Source information
══════

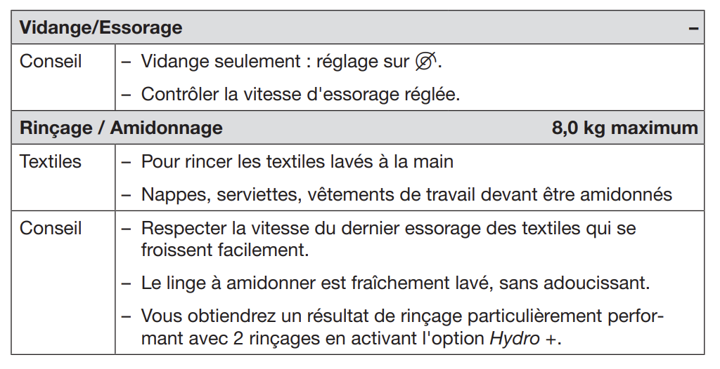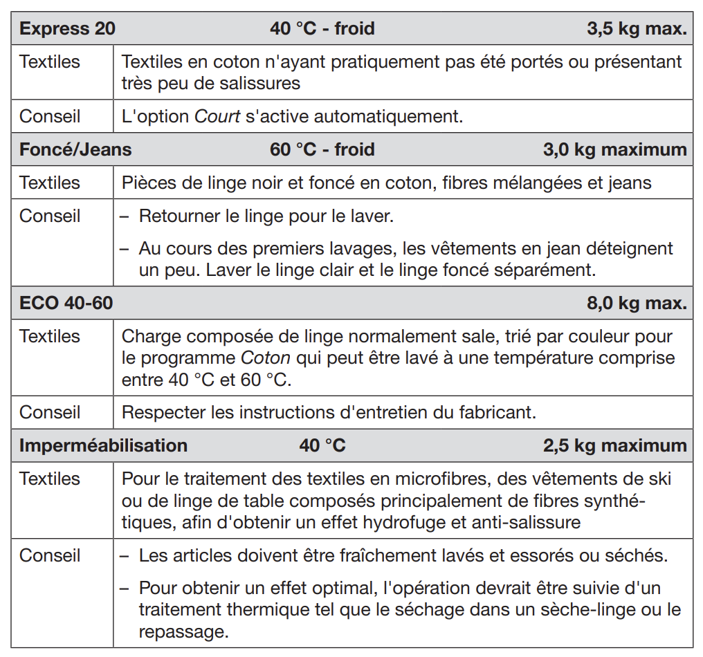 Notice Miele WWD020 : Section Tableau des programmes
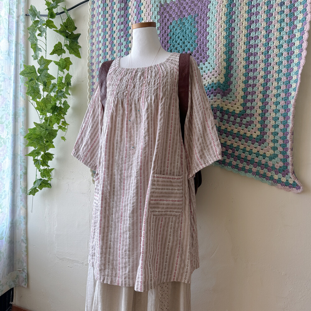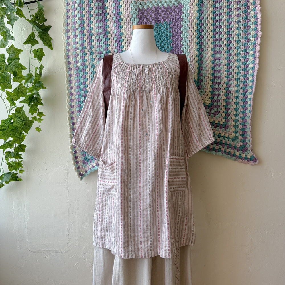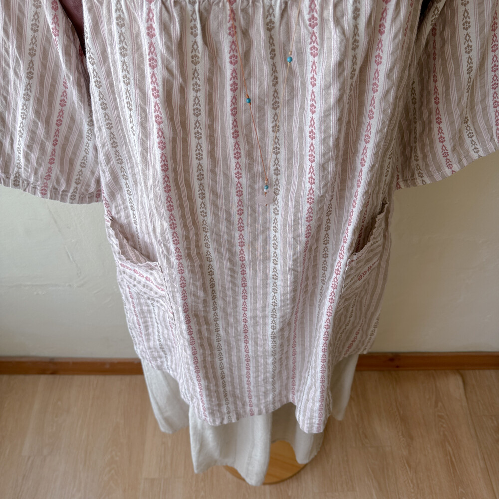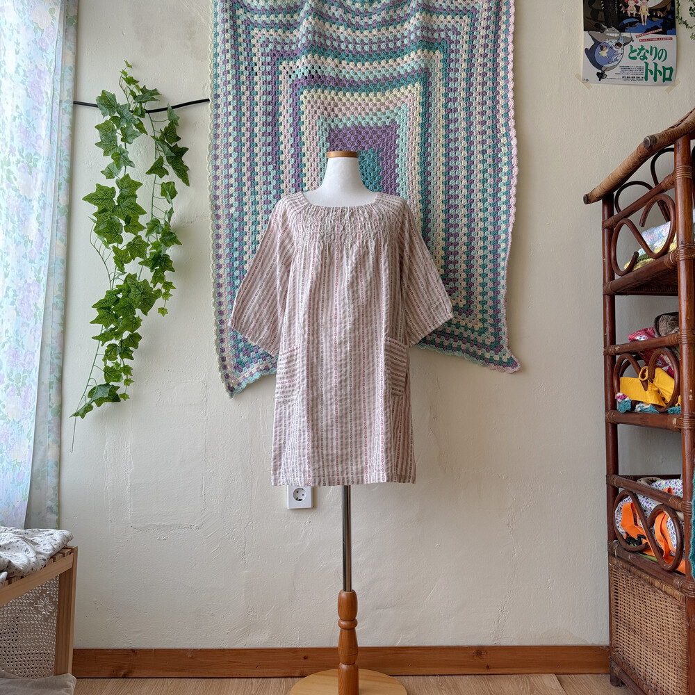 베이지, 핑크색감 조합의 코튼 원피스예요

══════

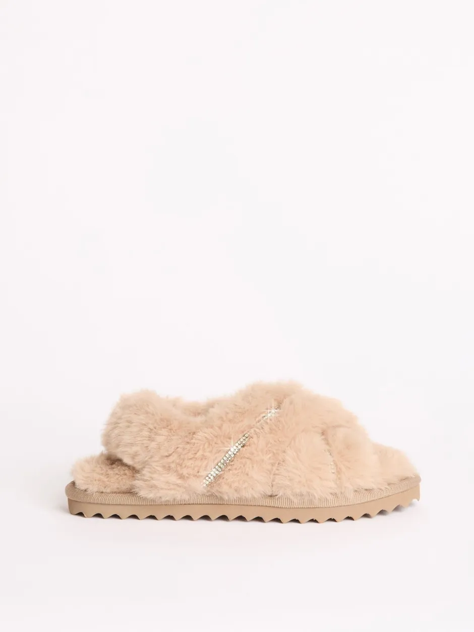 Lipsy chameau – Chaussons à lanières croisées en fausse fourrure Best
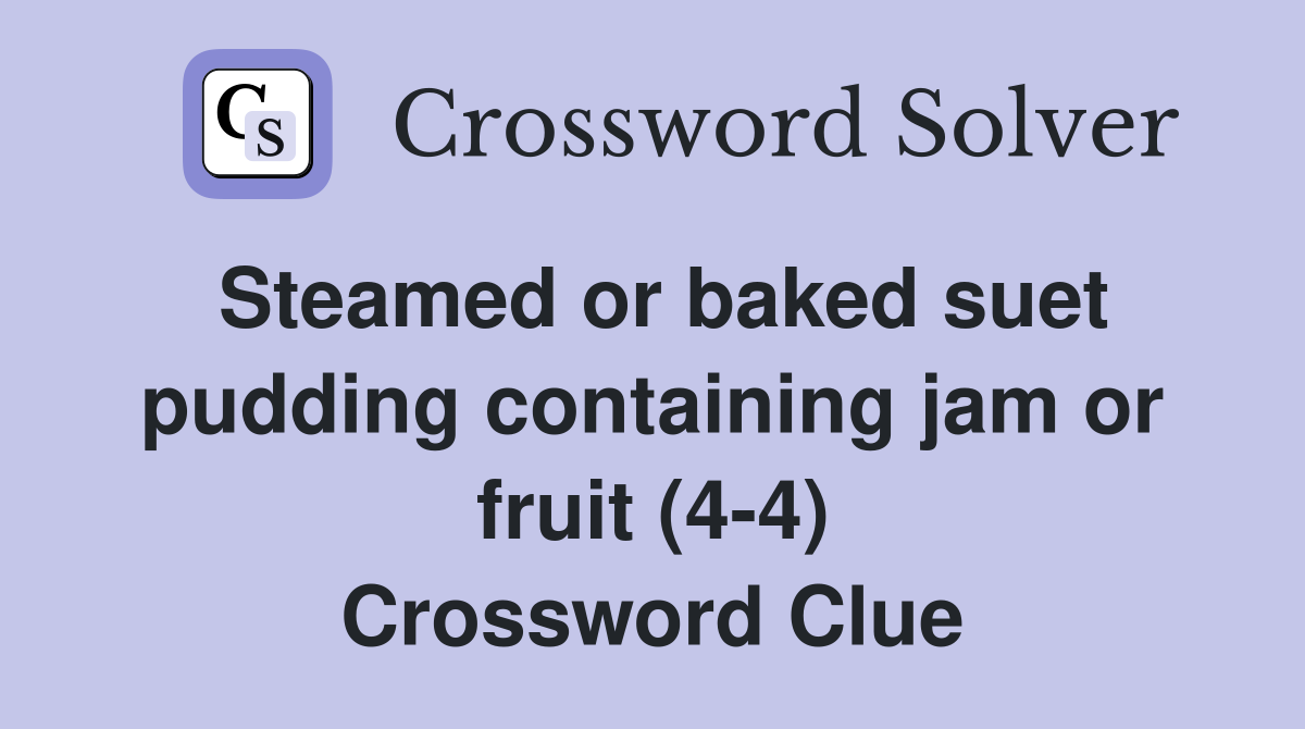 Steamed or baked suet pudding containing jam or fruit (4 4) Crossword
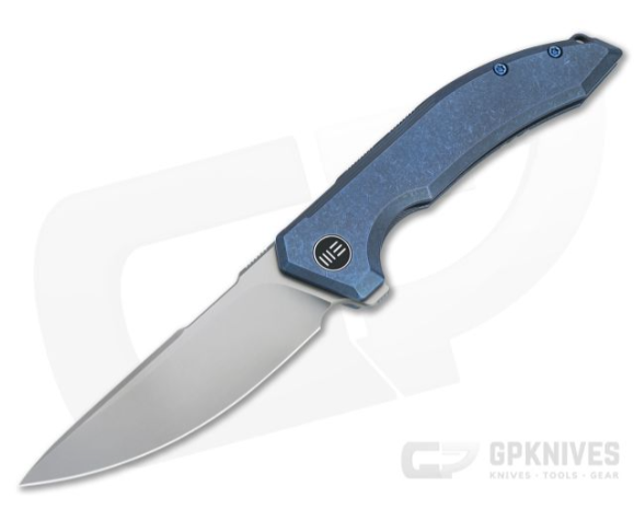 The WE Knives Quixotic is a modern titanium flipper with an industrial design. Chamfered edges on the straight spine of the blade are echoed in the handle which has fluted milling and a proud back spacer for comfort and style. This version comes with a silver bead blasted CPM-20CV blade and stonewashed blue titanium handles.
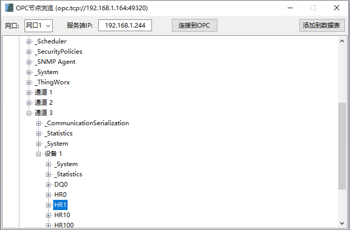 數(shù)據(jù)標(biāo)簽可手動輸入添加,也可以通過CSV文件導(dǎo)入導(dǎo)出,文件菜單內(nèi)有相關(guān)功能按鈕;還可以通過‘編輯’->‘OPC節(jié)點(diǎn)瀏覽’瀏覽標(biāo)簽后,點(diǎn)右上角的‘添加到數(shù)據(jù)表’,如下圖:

══════

What is being asked
From the records above, copy only the lines running from the line containing "Lipsy chameau –" to the line containing "Steamed or baked", both ends included. Leave the pictures out.

Exercise answer
 Lipsy chameau – Chaussons à lanières croisées en fausse fourrure Best
 Steamed or baked suet pudding containing jam or fruit (4 4) Crossword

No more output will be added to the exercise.